“Herd mentality” may not bring an end to coronavirus, despite President Trump’s slip of the tongue, but the phenomenon is never more real than during election season. In the bubble of opinion pollsters, pundits and the commentariat, a conventional wisdom usually forms about what is going to happen — and it is often wrong. The trauma of the shock Trump victory in 2016, missed by most of the media and pollsters, looms large.
So what is the evidence about who is going to win in seven weeks’ time? Which way is the “herd” really facing? Currently the national polls show Biden ahead by 6-8 points; in the battleground states that will decide the election it’s closer, but he’s still solidly ahead. There’s a lot that can still happen, but in the coming weeks are the polls and media narrative more likely to be underplaying, or overplaying the chances of a Trump re-election? To find out, I spoke to some of the world’s leading experts — including one notable dissenting voice.

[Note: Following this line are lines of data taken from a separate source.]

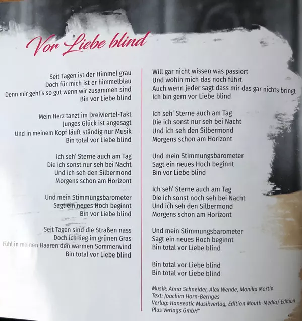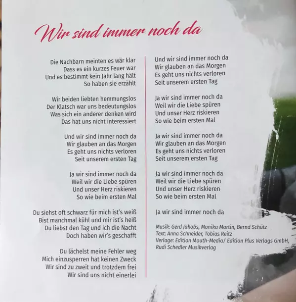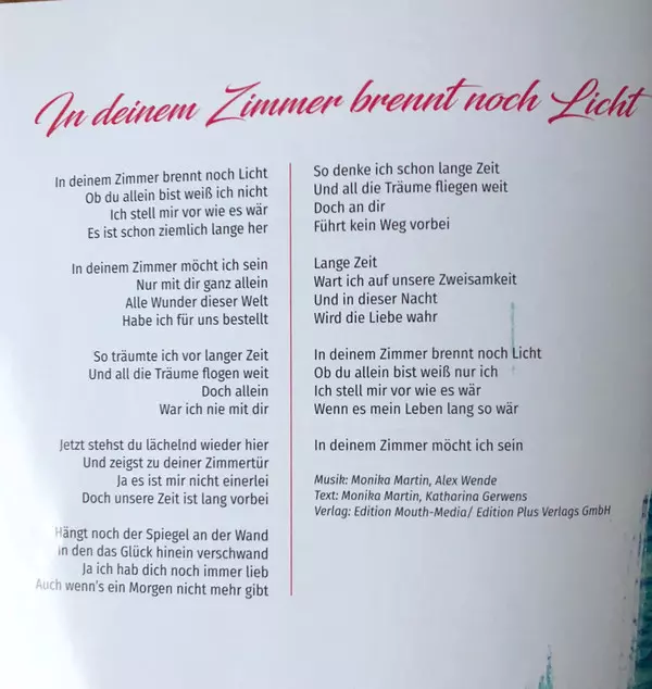 Arranged By Christian Maier (2), Domenico Livrano, Gerd Jakobs, Thorsten Willig | Guitar Holger Quak, Mats Björklund | Lyrics By Anna Schneider (2), Tobias Reitz | Music By Bernd Schütz, Gerd Jakobs, Monika Martin | Producer GEDO, Monika Martin
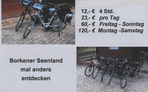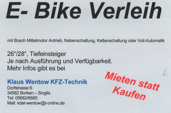 Klaus Wentow aus dem Borkener Stadtteil Singlis hat sich vor kurzer Zeit neben seiner Kfz-Werkstatt ein zweites Standbein mit einem E-Bike Verleih geschaffen. In seinem Fuhrpark befinden sich acht Räder (Tiefeinsteiger) mit unterschiedlicher Ausstattung und Größen je nach Ausführung und Verfügbarkeit.
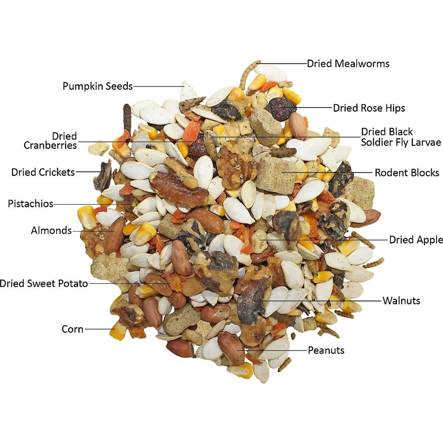 - Includes a variety of nuts like walnuts, pecans, almonds and peanuts to encourage your squirrel’s natural foraging instincts.
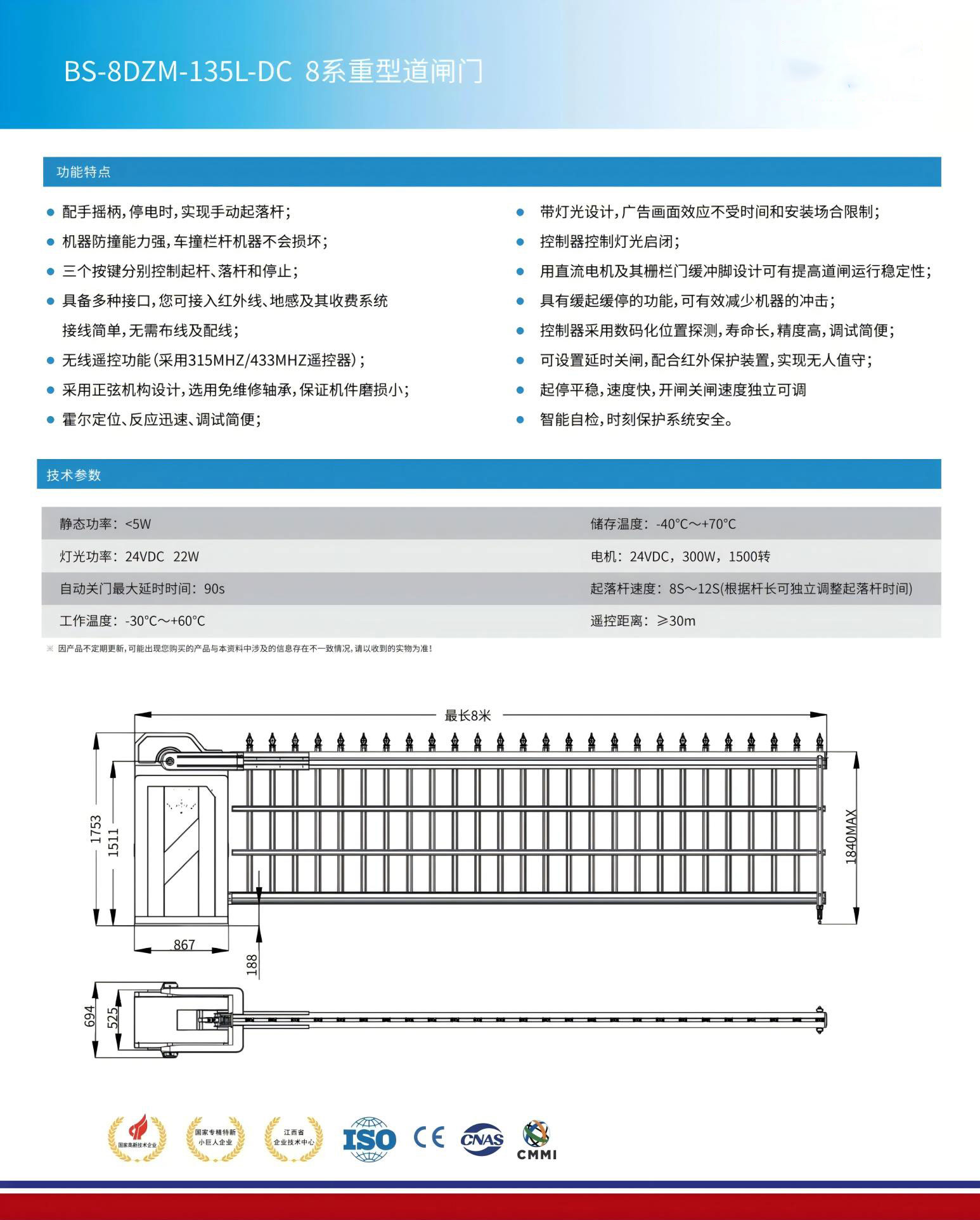 ● 用直流電機及其柵欄門緩沖腳設計可有提高道閘運行穩(wěn)定性;
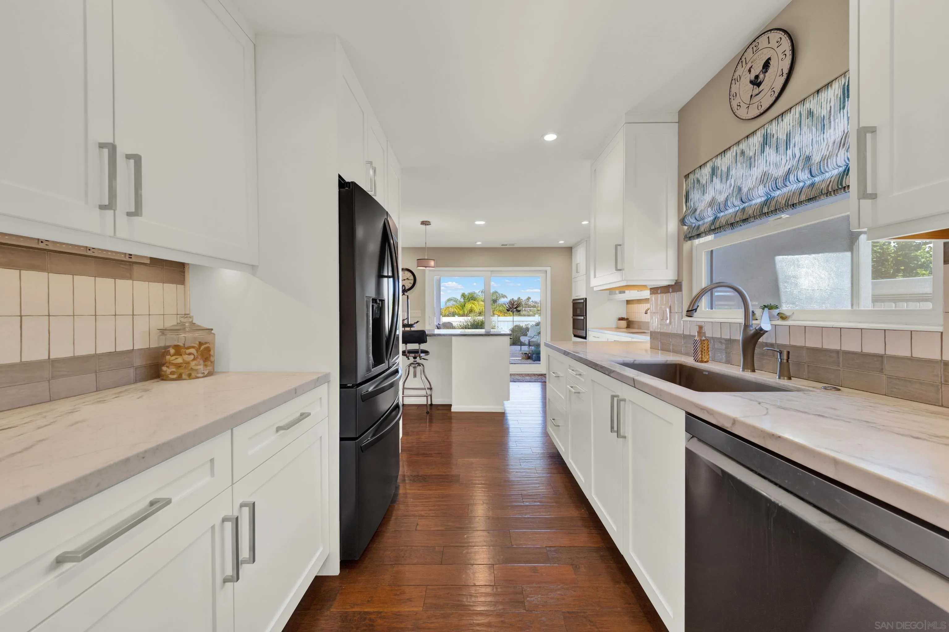 Step into luxury with this beautifully remodeled home that effortlessly combines style, comfort, and functionality. From the moment you arrive, you'll be captivated by the custom landscaping, charming curb appeal and the promise of VIEWS! Owned solar is an added bonus to reduce the cost of utilities. The heart of the home is a chef’s dream kitchen, featuring a stunning custom marble Island. Add custom cabinetry with convenient pull-out drawers, two durable Blanco sinks that resist scuffs and stains, and gleaming countertops that elevate every meal prep. Top-of-the-line appliances and abundant storage make entertaining a breeze. Throughout the home, enjoy plenty of storage options as well as bathrooms having been stylishly renovated, offering modern finishes and thoughtful design. A new 2024 AC unit keeps the temperature just right year-round. Unwind by the fireplace featuring beautiful mother of pearl tiles, or enjoy gatherings under your outdoor covered patio while taking in the beautiful views of Rancho Bernardo and beyond. The outdoor space is impressive, with professionally designed landscaping in both the front and backyard—ideal for relaxing evenings or weekend entertaining. This home is the perfect blend of high-end finishes and comforting livibility. Truly a must-see! Located in an active Adult community with pool, clubhouse, and a wide range of amenities. This turnkey home truly offers it all.
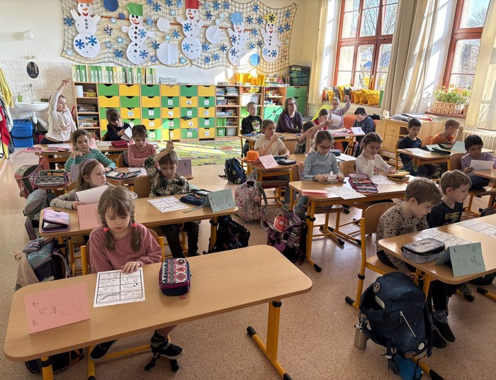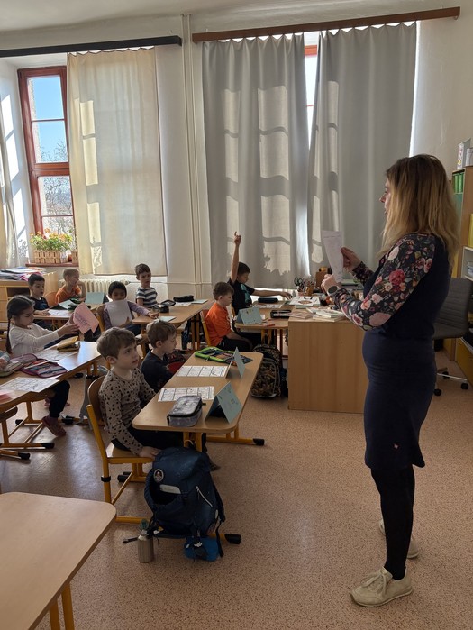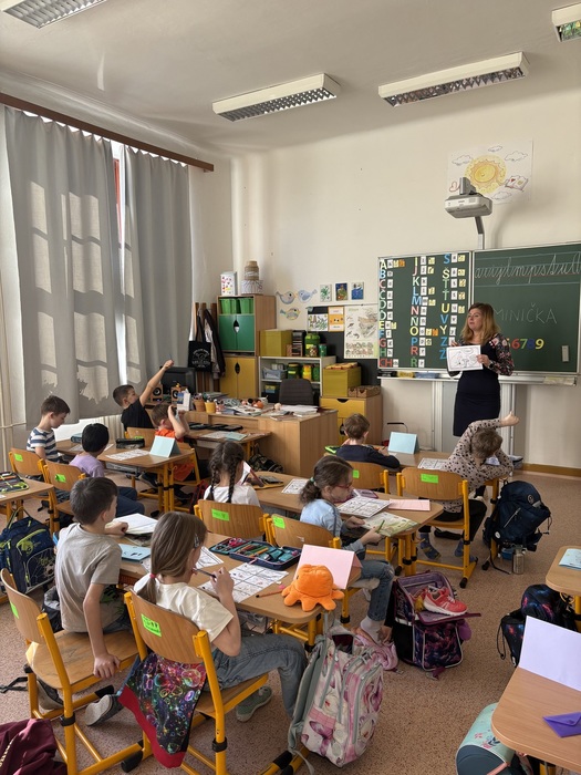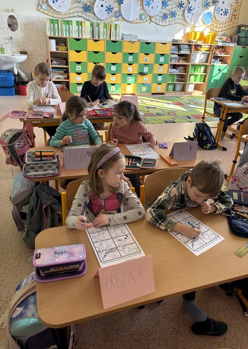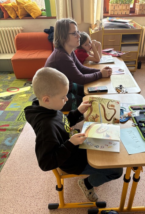 Do třídy nás přišla navštívit paní spisovatelka Lucie Strnadová, která nám přišla představit své knížky o Rozárce. Nám se nejvíce hodila knížka "Rozárka a ztracená písmenka", která nám krásně doplnila výuku čtení genetickou metodou, protože je psána velkými tiskacími písmeny a stejný text i malými tiskacími písmeny. Děti se krásně učí písmena párovat. Pracovali jsme s pracovními listy a část knížky jsme si i přečetli. Některé děti knížku už měly od Ježíška a někdo si ji koupil právě na besedě. Jednu knížku i s písmenky a pracovními listy jsme dostali i jako dárek do třídy.
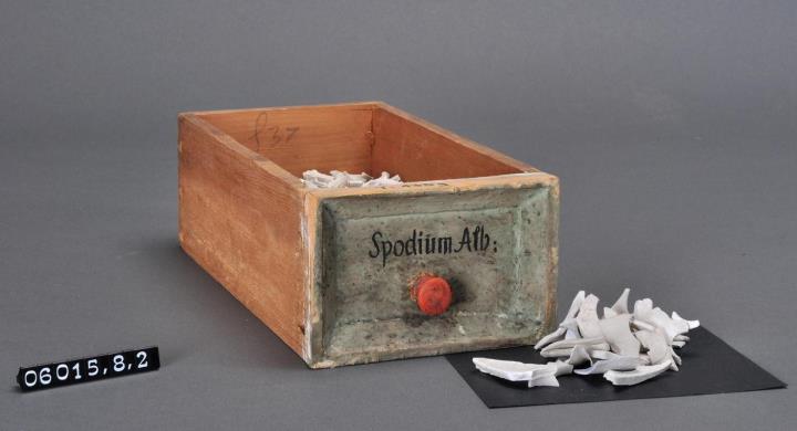 Spodium Alb(um): - Spodium de Ebore, Ebur ustum; Weiß gebranntes Elfenbein.
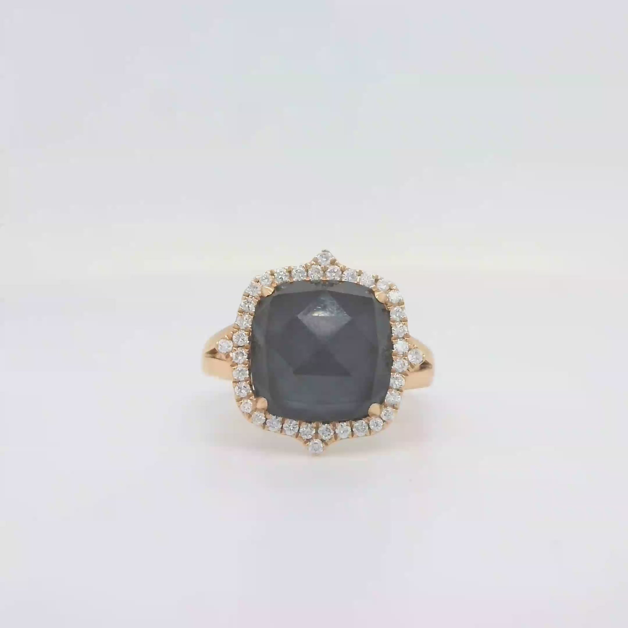 18k Rose Gold Diamond Ring With Clear Quartz Over Hematite
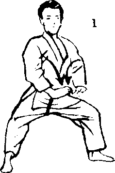 1. 右四股立四十五度, 征远镇的架式双手摆出 按住圆物般的架式。这 架式要以阴呼吸开始, 有垂落肩膀力量,以及 收聚两腋的目的。从联 络动作1开始吸气,然 后一面摆好1的架式, 一面呼气。

Watch the full interview below
Nate Silver runs FiveThirtyEight, perhaps the most famous polling website in the world; he faced a good deal of criticism after his 2016 eve-of-election model gave Hillary a 71.4% chance of winning the election (he’s keen to point out that this was lower than many other models — the New York Times had her at 85%, others at 99%). Right now, FiveThirtyEight gives Trump a 24% chance of winning, and Biden is at 76%.
“It’s a weird election because it’s a little hard to diagnose exactly what the conventional wisdom is,” he tells me. “There’s a meme that everybody is overconfident on Biden, but in fact… people are quite cautious on Biden.”
“If you go to betting markets, they have Biden as only about a 55% favourite. To me that seems hard to justify, low on Biden. He is up by 9 points — he does have disadvantages like the electoral college but I don’t think that quite computes… When our model was released, everyone kind of nodded and said, ‘70% seems about right to me’ … So for better or worse, our forecast and the conventional wisdom are aligned.”
But not everyone in Washington sees it that way. Republicans tend to think that the conventional wisdom is, once again, under-rating the chances of a Trump victory. The pollster-of-choice for this view is Robert Cahaly of Trafalgar Group. He may be a contrarian voice, but he deserves to be taken seriously: he was one of the few in 2016 to correctly call the crucial Trump wins in Michigan and Pennsylvania. His polls show Trump narrowly ahead, and winning enough of the battleground states to secure a victory in November.